Holmes Ian H
Dept of Bioengineering, University of California, Berkeley, 94720, USA.
BMC Bioinformatics. 2017 May 12;18(1):255. doi: 10.1186/s12859-017-1665-1.
Despite the long-anticipated possibility of putting sequence alignment on the same footing as statistical phylogenetics, theorists have struggled to develop time-dependent evolutionary models for indels that are as tractable as the analogous models for substitution events.
This paper discusses progress in the area of insertion-deletion models, in view of recent work by Ezawa (BMC Bioinformatics 17:304, 2016); (BMC Bioinformatics 17:397, 2016); (BMC Bioinformatics 17:457, 2016) on the calculation of time-dependent gap length distributions in pairwise alignments, and current approaches for extending these approaches from ancestor-descendant pairs to phylogenetic trees.
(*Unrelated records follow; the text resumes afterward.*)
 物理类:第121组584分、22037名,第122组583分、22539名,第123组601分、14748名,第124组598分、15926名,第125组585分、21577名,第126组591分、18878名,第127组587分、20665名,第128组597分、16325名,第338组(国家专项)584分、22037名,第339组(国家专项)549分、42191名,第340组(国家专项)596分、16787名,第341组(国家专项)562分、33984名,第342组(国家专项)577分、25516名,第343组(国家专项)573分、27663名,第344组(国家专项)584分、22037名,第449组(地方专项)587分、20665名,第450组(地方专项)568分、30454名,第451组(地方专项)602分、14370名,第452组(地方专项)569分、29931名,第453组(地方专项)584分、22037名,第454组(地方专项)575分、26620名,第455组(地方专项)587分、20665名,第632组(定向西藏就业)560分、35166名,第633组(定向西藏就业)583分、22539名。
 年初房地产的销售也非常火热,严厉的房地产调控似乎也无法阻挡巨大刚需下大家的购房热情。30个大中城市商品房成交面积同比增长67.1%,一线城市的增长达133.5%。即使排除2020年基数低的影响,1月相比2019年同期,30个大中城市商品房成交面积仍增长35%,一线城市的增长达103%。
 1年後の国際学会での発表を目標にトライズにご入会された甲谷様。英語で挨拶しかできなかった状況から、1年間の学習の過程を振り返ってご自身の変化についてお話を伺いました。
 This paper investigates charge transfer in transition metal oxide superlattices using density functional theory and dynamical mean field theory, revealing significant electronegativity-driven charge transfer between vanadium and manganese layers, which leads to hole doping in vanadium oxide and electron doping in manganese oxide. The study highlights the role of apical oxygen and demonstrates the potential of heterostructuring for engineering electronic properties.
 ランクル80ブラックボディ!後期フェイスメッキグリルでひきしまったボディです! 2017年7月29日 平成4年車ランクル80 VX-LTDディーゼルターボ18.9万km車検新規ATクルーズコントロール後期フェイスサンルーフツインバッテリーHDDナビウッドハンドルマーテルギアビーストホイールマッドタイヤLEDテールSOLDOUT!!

While approximations that use finite-state machines (Pair HMMs and transducers) currently represent the most practical approach to problems such as sequence alignment and phylogeny, more rigorous approaches that work directly with the matrix exponential of the underlying continuous-time Markov chain also show promise, especially in view of recent advances.
尽管人们早就期待着能将序列比对与统计系统发育学置于同等地位,但理论学家们一直在努力开发与替换事件的类似模型一样易于处理的、依赖时间的插入缺失进化模型。
鉴于江泽最近在成对序列比对中依赖时间的空位长度分布计算方面的工作(《BMC生物信息学》17:304,2016年);(《BMC生物信息学》17:397,2016年);(《BMC生物信息学》17:457,2016年),以及将这些方法从祖先-后代对扩展到系统发育树的当前方法,本文讨论了插入缺失模型领域的进展。
虽然使用有限状态机(成对隐马尔可夫模型和换能器)的近似方法目前是解决序列比对和系统发育等问题最实用的方法,但直接处理基础连续时间马尔可夫链的矩阵指数的更严格方法也显示出前景,特别是鉴于最近的进展。